Final changes to DDP tutorial

Seth Weidman · Seth Weidman · commit 934ed8fea22b · 2019-09-09T09:04:39.000-07:00
diff --git a/intermediate_source/ddp_tutorial.rst b/intermediate_source/ddp_tutorial.rst
@@ -23,17 +23,20 @@ Comparison between ``DataParallel`` and ``DistributedDataParallel``
 -------------------------------------------------------------------
 
 Before we dive in, let's clarify why, despite the added complexity, you would
-consider using ``DistributedDataParallel`` over ``DataParallel``, remembering
-that **model parallel** (covered in the
-`prior tutorial <https://pytorch.org/tutorials/intermediate/model_parallel_tutorial.html>`__)
-is necessary to use in either case if your model is too large to fit on a single
-GPU.
+consider using ``DistributedDataParallel`` over ``DataParallel``:
 
+- First, recall from the
+  `prior tutorial <https://pytorch.org/tutorials/intermediate/model_parallel_tutorial.html>`__
+  that if your model is too large to fit on a single GPU, you must use **model parallel**
+  to split it across multiple GPUs. ``DistributedDataParallel`` works with
+  **model parallel**; ``DataParallel`` does not at this time.
 - ``DataParallel`` is single-process, multi-thread, and only works on a single
   machine, while ``DistributedDataParallel`` is multi-process and works for both
   single- and multi- machine training.
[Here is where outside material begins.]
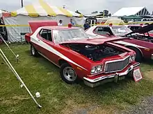 1975–1976 Gran Torinos were used in the popular Spelling-Goldberg Productions TV series Starsky & Hutch. The producers needed a flashy specialty car for the main characters to drive. Since Ford was the lease supplier for on-screen cars through their Studio-TV Car Loan Program, eventually it was decided by the producers that a bright red 1975 Gran Torino two-door would be the vehicle of choice for the pilot episode.[31] To make the Torino less mundane, a large white vector stripe was added. Aluminum 5-slot mag wheels and larger rear tires replaced the stock wheels and tires, and air shocks were added to give the car an aggressive rake. The television show became quite popular with the public, and much of that popularity was centered on the star Torino. Ford couldn't help but take notice to the public's interest in the "Starsky and Hutch" Torino, and decided to introduce a replica version of the TV car. Ford built 1,000 replicas of the "Starsky and Hutch" car in the spring of 1976.[32] Production of the replicas began in March 1976, and all were produced in Ford's Chicago manufacturing plant. This limited production package was essentially a special paint option, but required the deluxe bumper group and dual color-keyed sport mirrors as mandatory options. The TV car's slotted mag wheels were not offered by Ford, and the only sporty wheel option was the Magnum 500 wheel. They were not a mandatory option though, and these cars came equipped with wheel covers as standard equipment. When producing the replicas, Ford painted the entire car white, then masked off the stripe and painted the rest of the car the shade of bright red (code 2B) used on the 1972–75 models (and subsequently the TV cars). This color had been discontinued for all other Torino models for 1976 in favor of a different shade of red.[32] The factory replicas were close to the TV show car, but had minor differences in the stripe, and did not have the aggressive rake of the TV car. Many replica owners installed slotted mag wheels and air shocks after purchase to give the car a more authentic look. The "Starsky and Hutch" replica was available with all Torino engines. Seat colors were limited to black or white and were available with all seating trims and options. One of the factory replicas was leased to Spelling-Goldberg as a backup for the original Torinos that were created for the show.

Thus, even for single machine training,
   where your **data** is small enough to fit on a single machine, ``DistributedDataParallel``
-  is expected to be faster than ``DataParallel``.
+  is expected to be faster than ``DataParallel``. ``DistributedDataParallel``
+  also replicates models upfront instead of on each iteration and gets Global
+  Interpreter Lock out of the way.
 - If both your data is too large to fit on one machine **and** your
   model is too large to fit on a single GPU, you can combine model parallel
   (splitting a single model across multiple GPUs) with ``DistributedDataParallel``.